From: David Gibson <david@gibson.dropbear.id.au>
To: Paul Mackerras <paulus@ozlabs.org>
Cc: kvm@vger.kernel.org, kvm-ppc@vger.kernel.org
Subject: Re: [PATCH] KVM: PPC: Book3S HV: Fix host crash on changing HPT size
Date: Fri, 21 Jul 2017 16:53:32 +1000 [thread overview]
Message-ID: <20170721065332.GC3717@umbus.fritz.box> (raw)
In-Reply-To: <20170721054413.GA19957@fergus.ozlabs.ibm.com>
[-- Attachment #1: Type: text/plain, Size: 6551 bytes --]
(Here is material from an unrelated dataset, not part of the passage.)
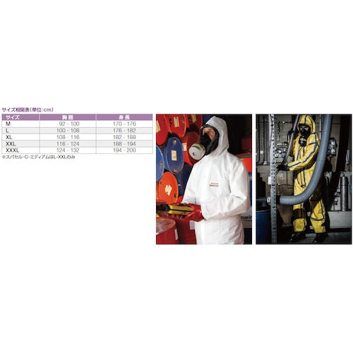 カタログ品番:4500101-XL 特長:●透湿度の高いSMS製防護服です。●頭部にフィットする立体的な構造のフードです。●袖口や足首、ウエストゴムの締まりが粉じんの付着を軽減します。 用途:●医療関連、製薬業用。●粉じん、粉体作業用。●アスベスト除去などに。 仕様:●色:白●サイズ:XL●適合身長(cm):182〜188●適合胸囲(cm):108〜116●タイプ:つなぎ服●使い捨てタイプ●JIS T 8115規格タイプ5〜6適合品(微粒子・ミスト防護用)●EN1149-1(静電気からの防護)●脱着が容易な2ウェイジップ●静電気防止 材質/仕上:●ポリプロピレン(SMS)

On Fri, Jul 21, 2017 at 03:44:13PM +1000, Paul Mackerras wrote:
> Commit f98a8bf9ee20 ("KVM: PPC: Book3S HV: Allow KVM_PPC_ALLOCATE_HTAB
> ioctl() to change HPT size", 2016-12-20) changed the behaviour of
> the KVM_PPC_ALLOCATE_HTAB ioctl so that it now allocates a new HPT
> and new revmap array if there was a previously-allocated HPT of a
> different size from the size being requested. In this case, we need
> to reset the rmap arrays of the memslots, because the rmap arrays
> will contain references to HPTEs which are no longer valid. Worse,
> these references are also references to slots in the new revmap
> array (which parallels the HPT), and the new revmap array contains
> random contents, since it doesn't get zeroed on allocation.
>
> The effect of having these stale references to slots in the revmap
> array that contain random contents is that subsequent calls to
> functions such as kvmppc_add_revmap_chain will crash because they
> will interpret the non-zero contents of the revmap array as HPTE
> indexes and thus index outside of the revmap array. This leads to
> host crashes such as the following.
>
> [ 7072.862122] Unable to handle kernel paging request for data at address 0xd000000c250c00f8
> [ 7072.862218] Faulting instruction address: 0xc0000000000e1c78
> [ 7072.862233] Oops: Kernel access of bad area, sig: 11 [#1]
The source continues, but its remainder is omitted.